Material to process —
━━━━━━

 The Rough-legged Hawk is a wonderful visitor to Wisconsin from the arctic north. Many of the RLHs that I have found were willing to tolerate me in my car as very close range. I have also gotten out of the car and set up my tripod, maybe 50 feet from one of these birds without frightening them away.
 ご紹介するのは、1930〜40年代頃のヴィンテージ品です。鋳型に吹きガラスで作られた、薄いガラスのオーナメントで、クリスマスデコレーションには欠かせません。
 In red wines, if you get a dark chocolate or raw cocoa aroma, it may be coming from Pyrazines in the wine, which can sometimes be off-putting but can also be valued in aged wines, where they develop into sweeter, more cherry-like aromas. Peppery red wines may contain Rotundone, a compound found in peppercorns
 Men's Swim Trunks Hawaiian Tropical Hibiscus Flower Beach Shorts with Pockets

━━━━━━

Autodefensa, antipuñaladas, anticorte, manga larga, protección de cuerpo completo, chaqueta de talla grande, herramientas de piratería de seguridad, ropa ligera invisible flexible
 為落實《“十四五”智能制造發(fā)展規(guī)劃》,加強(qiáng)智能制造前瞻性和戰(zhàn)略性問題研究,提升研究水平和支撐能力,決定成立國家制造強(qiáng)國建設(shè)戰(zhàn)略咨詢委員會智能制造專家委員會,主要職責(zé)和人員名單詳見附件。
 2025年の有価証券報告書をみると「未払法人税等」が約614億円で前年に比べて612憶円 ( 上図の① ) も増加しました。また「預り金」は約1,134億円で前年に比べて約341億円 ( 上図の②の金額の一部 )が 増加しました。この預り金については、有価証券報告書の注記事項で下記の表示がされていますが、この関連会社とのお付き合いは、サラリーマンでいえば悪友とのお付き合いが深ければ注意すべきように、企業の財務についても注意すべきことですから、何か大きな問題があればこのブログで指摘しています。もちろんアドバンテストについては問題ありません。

━━━━━━

Task prompt — Proceeding from the line containing "The Rough-legged Hawk" through the line containing "Men's Swim Trunks", transcribe the lines above exactly, both end lines included.

Finished task —
 The Rough-legged Hawk is a wonderful visitor to Wisconsin from the arctic north. Many of the RLHs that I have found were willing to tolerate me in my car as very close range. I have also gotten out of the car and set up my tripod, maybe 50 feet from one of these birds without frightening them away.
 ご紹介するのは、1930〜40年代頃のヴィンテージ品です。鋳型に吹きガラスで作られた、薄いガラスのオーナメントで、クリスマスデコレーションには欠かせません。
 In red wines, if you get a dark chocolate or raw cocoa aroma, it may be coming from Pyrazines in the wine, which can sometimes be off-putting but can also be valued in aged wines, where they develop into sweeter, more cherry-like aromas. Peppery red wines may contain Rotundone, a compound found in peppercorns
 Men's Swim Trunks Hawaiian Tropical Hibiscus Flower Beach Shorts with Pockets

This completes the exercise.